Se sintió más valiente que nunca, pero esa sensación duró poco tiempo. Todo su cuerpo se contrajo en el momento en el que vio pasar de una de las habitaciones del fondo a la otra una suerte de sombra espesa.


¡¿Quién está ahí?! Gritó rompiendo en mil pedazos el absorbente silencio.

Tal como esperaba, nadie respondió.


Se dirigió a paso lento hacia esa habitación. Una vez de pie en la puerta encendió violentamente la luz al mismo tiempo que entraba con toda su furia dispuesto a matar o morir. Allí solo lo esperaban decenas de juguetes de su hijo desplomados por el suelo y los “sonajeros” que colgaban de la cuna moviéndose rápidamente al compás del ausente viento de una ventana cerrada. Un escalofrío le caminó por todo el cuerpo y agradeció mientras se persignaba que esa noche el niño estuviera en casa de su madre. Estaba seguro de haber dejado los juguetes ordenados en baúles.


Tomó uno de los muñecos del piso y lo observó obnubilado como si aquello le ayudase a sacar conjeturas al respecto. Lo arrojó súbitamente al suelo preso de un pánico casi mortal cuando se presentó en sus oídos el metálico ruido que hacían un puñado de sillas al arrastrarse violentamente en el suelo de cerámica de la planta baja.

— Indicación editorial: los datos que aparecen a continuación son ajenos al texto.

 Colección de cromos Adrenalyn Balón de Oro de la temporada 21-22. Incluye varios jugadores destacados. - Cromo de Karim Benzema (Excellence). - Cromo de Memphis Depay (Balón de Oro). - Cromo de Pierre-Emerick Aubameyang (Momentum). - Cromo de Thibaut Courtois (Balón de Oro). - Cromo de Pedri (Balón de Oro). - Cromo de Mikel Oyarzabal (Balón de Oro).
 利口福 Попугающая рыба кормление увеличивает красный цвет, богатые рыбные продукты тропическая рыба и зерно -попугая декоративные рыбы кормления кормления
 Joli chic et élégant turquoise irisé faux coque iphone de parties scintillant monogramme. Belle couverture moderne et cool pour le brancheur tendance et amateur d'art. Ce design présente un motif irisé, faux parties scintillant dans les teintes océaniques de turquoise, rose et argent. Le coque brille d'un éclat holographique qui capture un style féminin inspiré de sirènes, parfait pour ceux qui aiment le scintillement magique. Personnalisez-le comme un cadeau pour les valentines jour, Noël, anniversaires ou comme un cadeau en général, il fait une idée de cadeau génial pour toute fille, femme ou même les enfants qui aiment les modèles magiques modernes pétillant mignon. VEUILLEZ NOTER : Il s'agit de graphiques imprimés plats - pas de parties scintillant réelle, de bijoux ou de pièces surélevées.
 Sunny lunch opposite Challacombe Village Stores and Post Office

No lo pensó ni un momento y bajó corriendo las escaleras hasta la sala.


Allí todo estaba en orden, lo cual lo alteró aún más.

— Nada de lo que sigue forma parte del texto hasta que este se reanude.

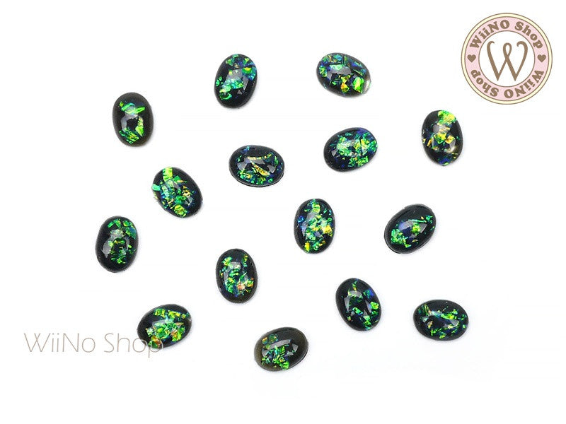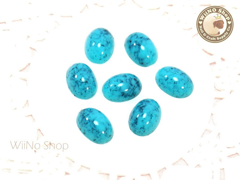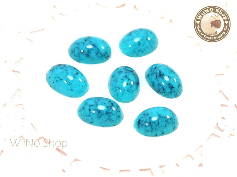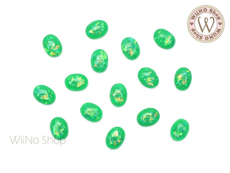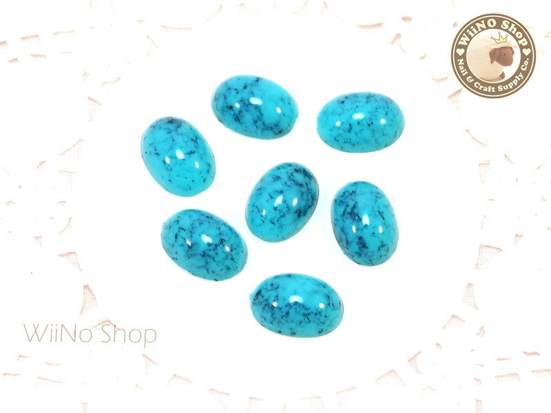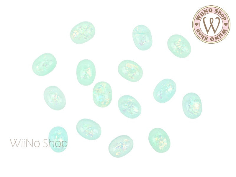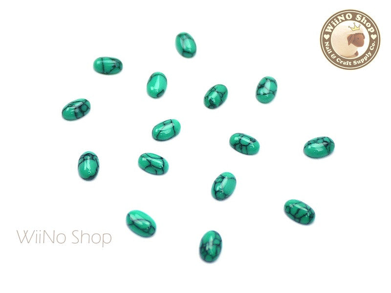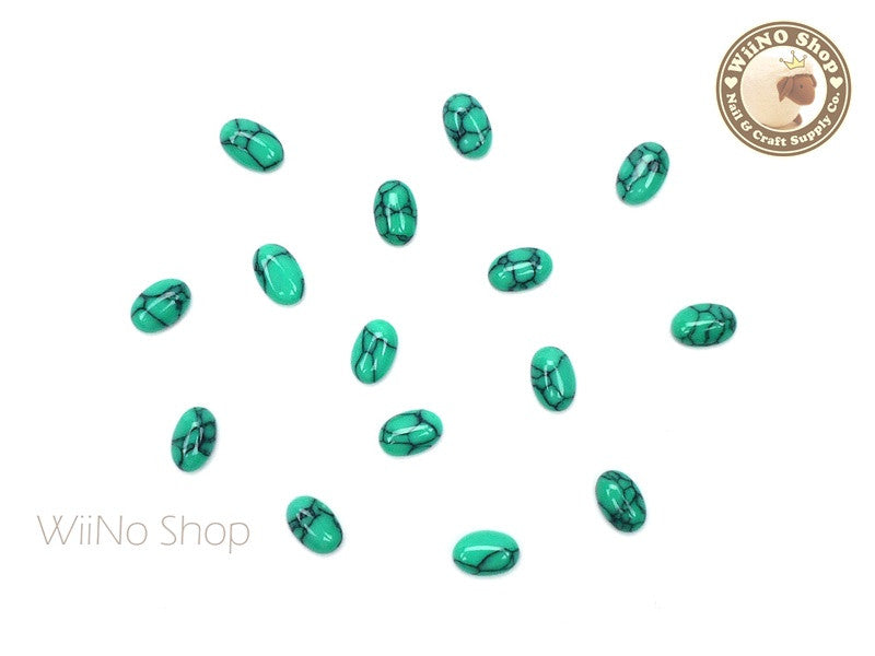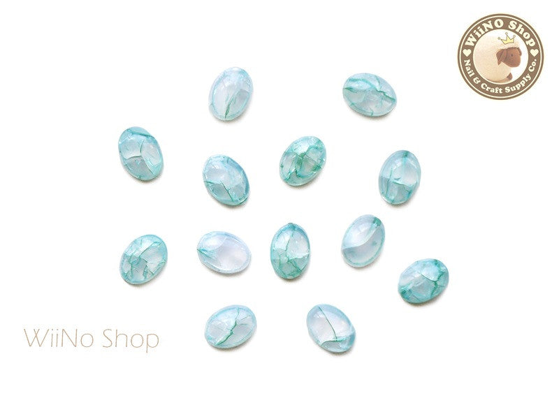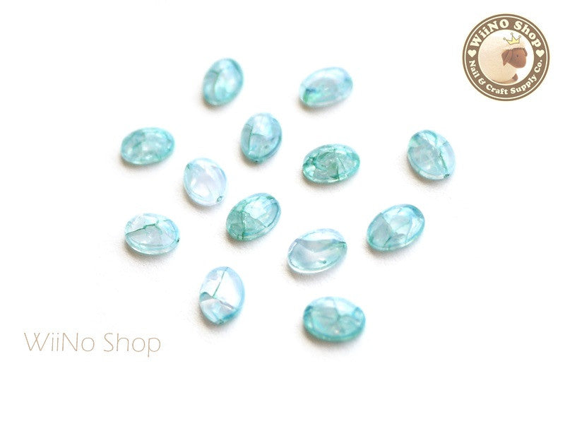 6 x 8mm Teal Green Ice Crackle Oval Flat Back Acrylic Cabochon Nail Art - 10 pcs

¡Sal de donde sea que estés! Clamó esclavizado por el terror.


Un dolor punzante le obligó a mirarse la palma de las manos y allí vio los pequeños cortes que sus propias uñas le habían dejado marcado.


Recorrió toda la casa hundido en la más honda de las penumbras. Estancia por estancia, rincón por rincón. No encontró nada. La búsqueda era inútil por lo que al poco tiempo se rindió y decidió que lo mejor sería volver a la cama. Lidiar con fantasmas eran tan difícil como lidiar con uno mismo, si es que no era en el fondo la misma cosa.

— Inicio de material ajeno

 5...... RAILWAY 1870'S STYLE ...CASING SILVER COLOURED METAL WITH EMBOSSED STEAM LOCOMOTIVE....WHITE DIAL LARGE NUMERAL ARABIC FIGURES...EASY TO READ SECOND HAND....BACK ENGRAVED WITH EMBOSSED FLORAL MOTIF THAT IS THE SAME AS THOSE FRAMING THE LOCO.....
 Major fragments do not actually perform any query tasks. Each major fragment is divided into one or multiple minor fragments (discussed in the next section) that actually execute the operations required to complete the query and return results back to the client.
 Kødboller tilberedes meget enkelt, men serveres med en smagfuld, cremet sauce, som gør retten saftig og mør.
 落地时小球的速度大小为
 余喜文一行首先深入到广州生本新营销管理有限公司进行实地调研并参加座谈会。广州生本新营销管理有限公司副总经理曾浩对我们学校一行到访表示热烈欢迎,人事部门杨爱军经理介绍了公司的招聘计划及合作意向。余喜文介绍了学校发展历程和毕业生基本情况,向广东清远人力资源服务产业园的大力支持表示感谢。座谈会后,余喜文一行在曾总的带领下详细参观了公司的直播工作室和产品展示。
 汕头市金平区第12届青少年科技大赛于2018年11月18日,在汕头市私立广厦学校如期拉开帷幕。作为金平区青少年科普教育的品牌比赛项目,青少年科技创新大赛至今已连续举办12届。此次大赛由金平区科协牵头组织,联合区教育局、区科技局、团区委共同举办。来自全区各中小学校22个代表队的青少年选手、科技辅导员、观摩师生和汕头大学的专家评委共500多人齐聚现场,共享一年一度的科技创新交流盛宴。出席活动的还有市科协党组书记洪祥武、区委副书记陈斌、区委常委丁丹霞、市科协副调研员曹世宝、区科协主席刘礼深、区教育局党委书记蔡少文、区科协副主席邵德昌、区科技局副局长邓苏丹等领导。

Se quedó durante un largo rato recostado mirando el techo a oscuras mientras su cabeza no dejaba de atormentarlo.


Una parte de sí mismo, aquella que pensaba sin él, le susurraba terroríficamente al oído que todo aquel circo no era más que su dosis diaria de miedo, que en verdad aquellos monstruos y aquellos abismos que tanto lograban amedrentarlo yacían en algún rincón inhóspito de su alma.


Aquella parte de sí mismo, a veces lejana, casi siempre autómata, se reía de él y de la inagotable fascinación que le producía aquella inyección nocturna de terror, inyección que le ayudaba justamente a hacer existir fuera aquellos fantasmas que no eran más que las sombras oscuras de su ser.